**Given material:**
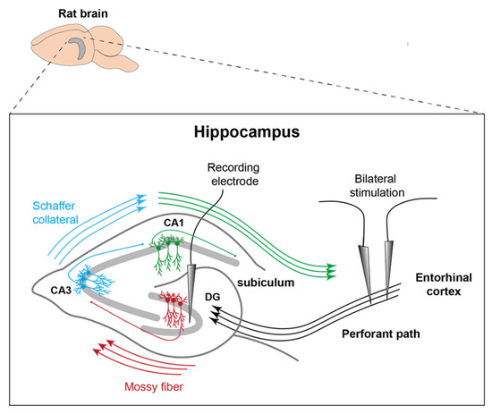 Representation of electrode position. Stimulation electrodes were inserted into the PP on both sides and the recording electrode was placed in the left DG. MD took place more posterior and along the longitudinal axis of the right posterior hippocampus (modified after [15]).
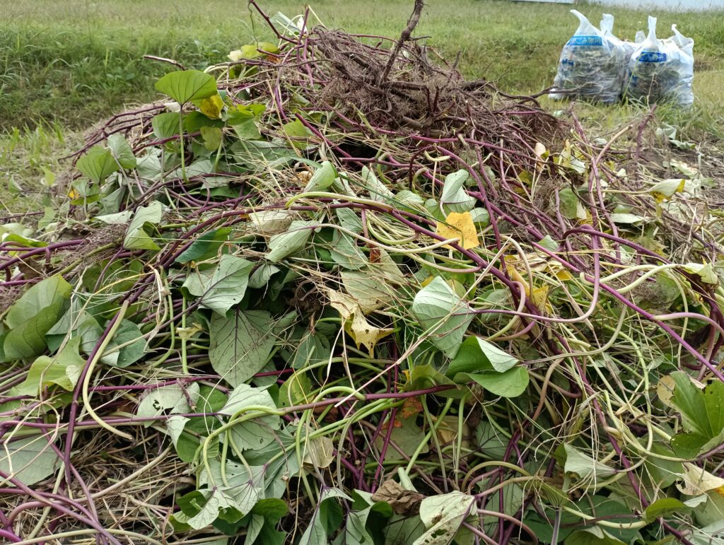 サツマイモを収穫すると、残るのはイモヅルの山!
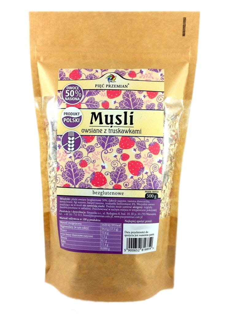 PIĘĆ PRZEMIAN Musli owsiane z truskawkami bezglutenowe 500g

**Task requirements:** The answer must be the full listing above, copied exactly, with no pictures in it.

**Solved problem:**
 Representation of electrode position. Stimulation electrodes were inserted into the PP on both sides and the recording electrode was placed in the left DG. MD took place more posterior and along the longitudinal axis of the right posterior hippocampus (modified after [15]).
 サツマイモを収穫すると、残るのはイモヅルの山!
 PIĘĆ PRZEMIAN Musli owsiane z truskawkami bezglutenowe 500g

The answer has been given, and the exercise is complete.